RS: I am a clinician investigator and an assistant professor at the University Hospital Center in Laval University, Quebec City, Canada. In the clinical space, I work in pediatric hematology and oncology. My research revolves around tumor environments, particularly the tumor immune microenvironments of pediatric tumors. My lab primarily operates as a dry lab, where we engage in computational analysis of big data, predominantly sequencing data.

How do you apply multiomics approaches in your work?

RS: In my work, I apply multiomics approaches for deciphering the complexities of tumor microenvironments. The main goal is to identify pediatric tumors that are more susceptible to be responsive to immunotherapy by immune checkpoint inhibitors. Additionally, I am looking at the correlation between the tumor environment and potential complications that can occur in pediatric cancer.

For the multiomics approach, we are mostly focusing on using gene expression, specifically transcriptomics. RNA is easily obtained and is a very powerful tool to analyze both the tumor bulk and its environment. It serves as a proxy of the cell function, as RNA is the precursor of proteins. So, through transcriptomic analysis, we can look at distinct signatures and phenotypes.

Another multiomics approach that we’re using is immuno-oncogenomics. With RNA sequencing data, you can deduce the composition of the immune environments. There are some deconvolution tools that quantify the immune cells present in the tumor. Furthermore, you can look at the specificity of immune cells (such as T cells and B cells) by looking at the TCR and BCR rearrangements.

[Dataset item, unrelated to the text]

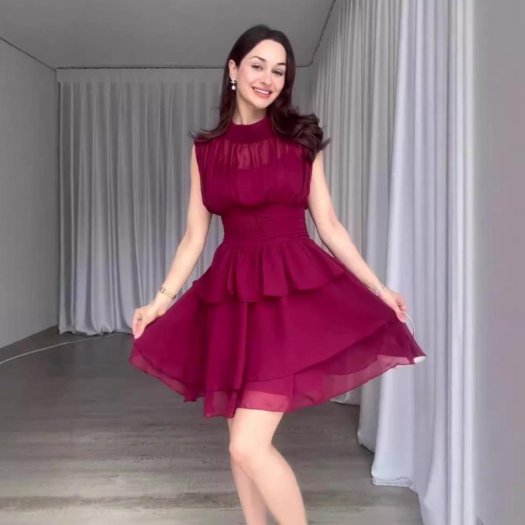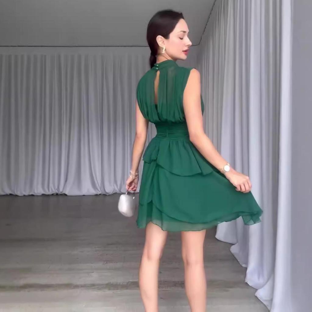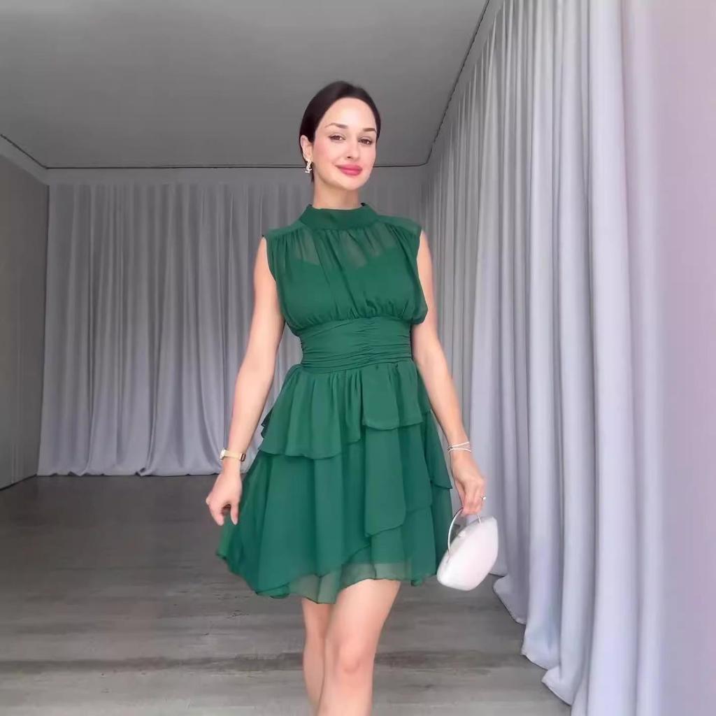 Летнее европейское и американское элегантное мини-платье с круглым вырезом и короткими рукавами, завязывающееся на талии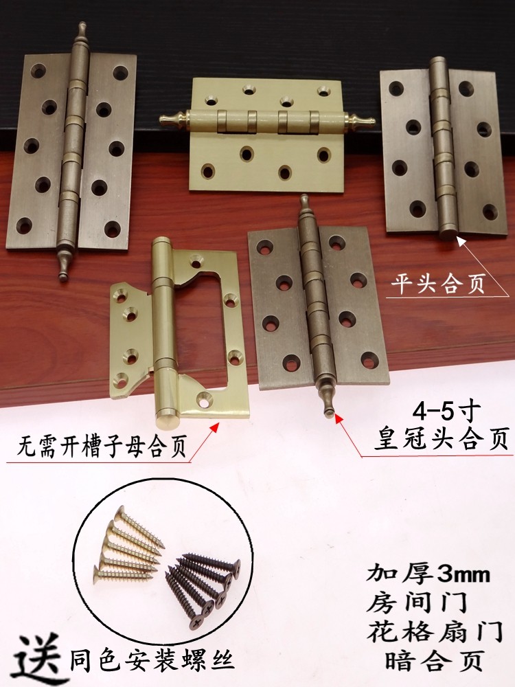Китайская антикварная петля из чистой меди, деревянная дверь, скрытая складная дверь шкафа, окно, экран, стиль вентилятора, утолщенная плоская латунная петля

For tumor immune environments we (and many others) are using the tumor mutation burden that is extracted by DNA sequencing, effectively integrating genomics with transcriptomics. We are also using DNA methylation data and we are now moving toward proteomics too.

You mentioned DNA methylation—is integrating this into multiomics models important?

RS: We initially started our research studying transcriptomic gene expression and subsequently integrated genome methylation. This has proven a great tool for studying the immune environment and allowed us to identify subsets of immune phenotype, based on DNA methylation, that are different from those identified by gene expression. When the two methods are integrated, we are able to find more subsets of immune environments to refine the classification.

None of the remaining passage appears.